I attended prom and shambled through the odd, close
Shuffle of a slow dance with my buzz-cut boyfriend.
And then I toured colleges and chose the Baptist one
Where I was smuggled into a hopping, underground
Swing Dance Club, all covert big band heat and zow.
I was at a wedding a year later, doing the macarena
When I overheard an old man say behind his hand,
"Those Baptist girls sure can cut a rug, eh?"
I married a man who was my ballroom partner
In the community dance class we took together
We trod on each other's toes and wrestled for the lead
Dancing our first, silent round of couples therapy
Now we have three little boys, all avid pint-sized swingers
And we hop and slide around the kitchen together
And I feel, as we do the twist in front of the sink
That I'll arch like Martha Graham into my golden years
With my foot pointed ahead of me, still following
That steady stream of music in my body.

A man and a woman performing a modern dance.
Image via Wikipedia
 So, that's my life's story in dance, or at least some of highlights. Good thoughts. I am sometimes asked if I'm a dancer and told I move like one. I doubt I really give off fluid ballerina vibes but something about me tells people that I like beauty of movement and that is a pretty good deal.

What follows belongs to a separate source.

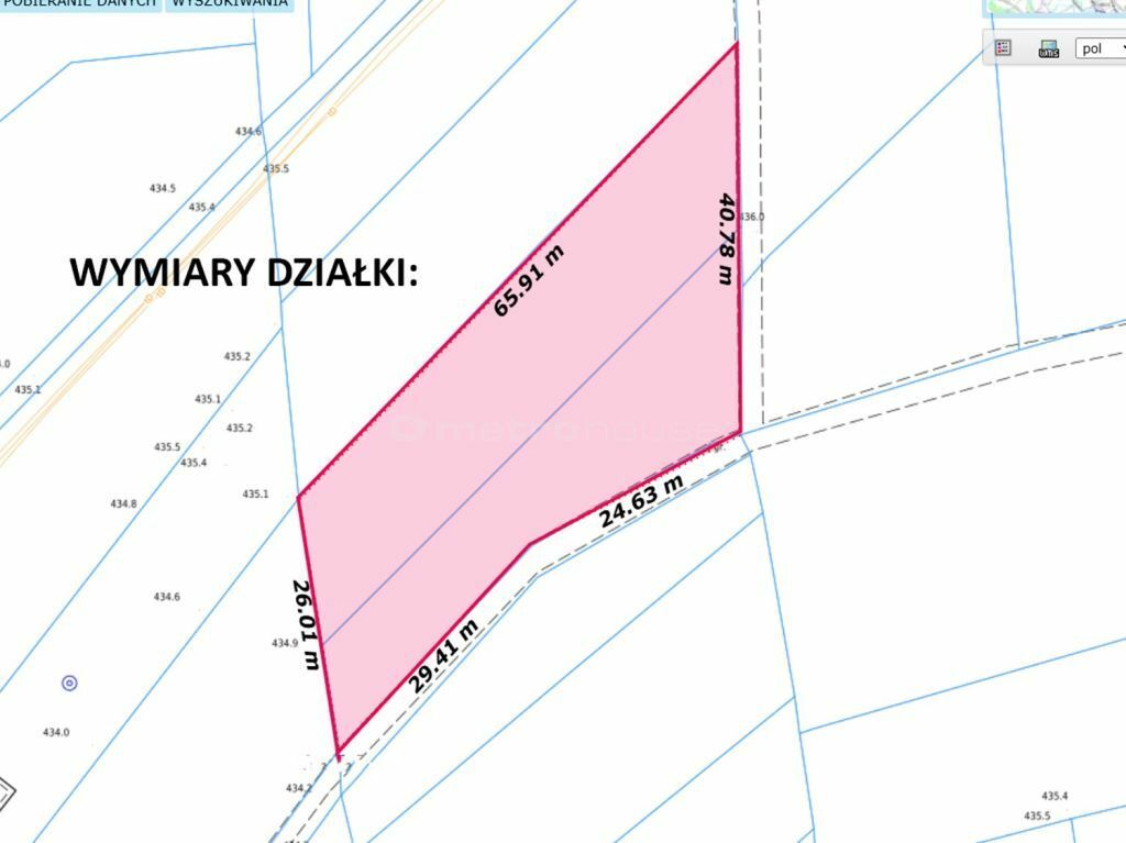 Działka budowlana, pod zabudowę domów jednorodzinnych o powierzchni około 1231 m2.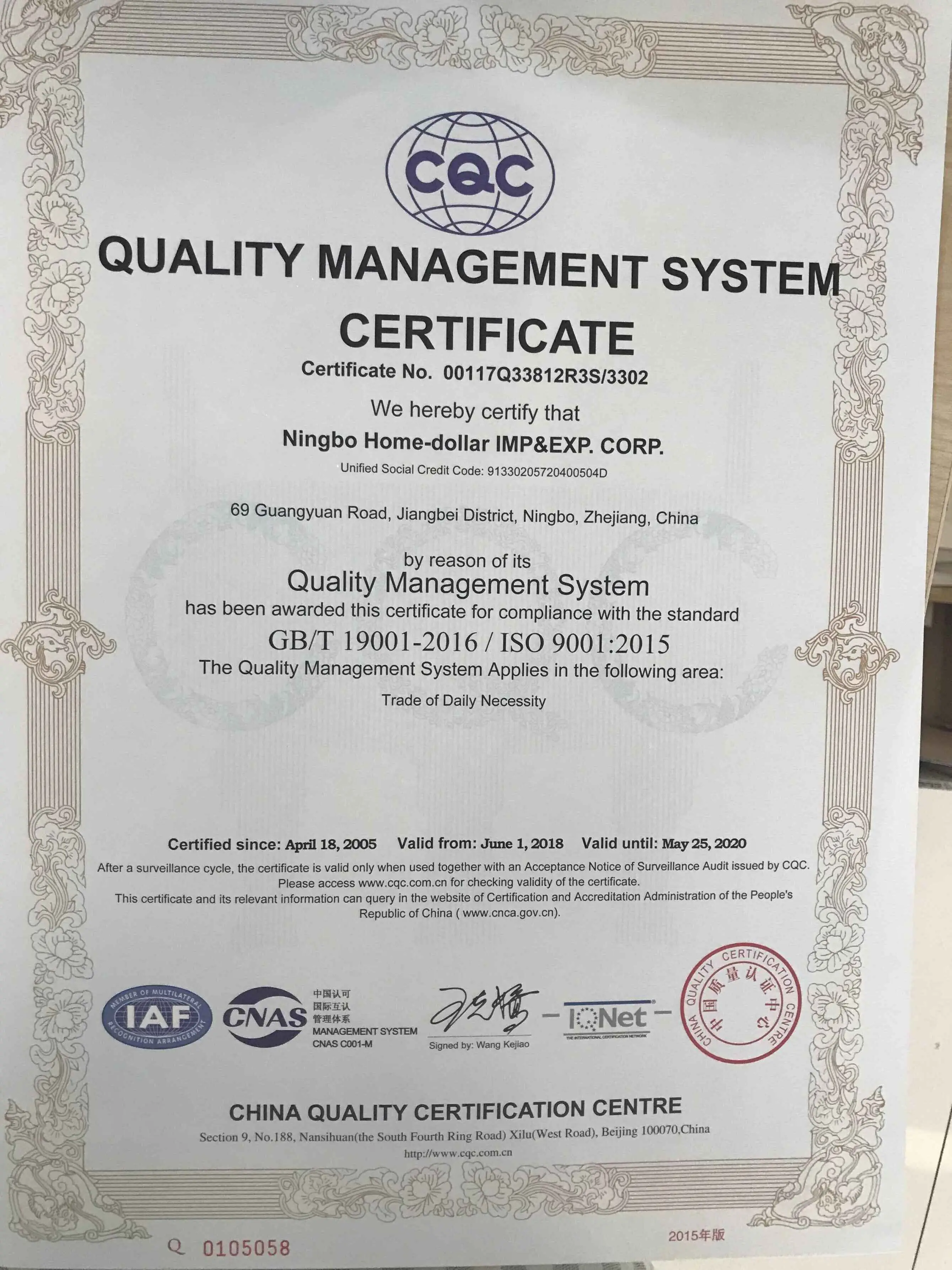 Ningbo Home-Dollar Imp.& Exp. Corp. was founded in 1997 with its own exporting brand:"Home-Dollar".The company covers a total area of 55,000 square meters, with 19,000 square meters for office, 6,000 square meters for showroom, and 25,000 square meters for the warehouse .The new building covers an area of 25,000 square meters with 15 floors above ground and 1 underground parking lot.

I don't think of myself as a "dancer" per say. I was never any kind of star in the dancing circles I was in, I was afraid of being lifts since I was a big of a heavy girl for most of my adolescence, I was a little shy and a kind of wallflower socially and I didn't have perfect graceful instincts like some of my close friends. I've never danced a solo of any kind. I do have to say though that writing this poem really made me think about how much dance has been a part of my story and history. We don't have to be stars in order to sparkle. To say that the only ones who are dancers are the leads is cheating all the rest of us who just love to move. I'm a dancer.

If you want to take in other people's entries for the week, feel free to hop on over to Teaching Authors, today's host blog for Poetry Friday and take a look at what else is being represented. And have a great weekend! I'll be right here, with my toe pointed, on Monday.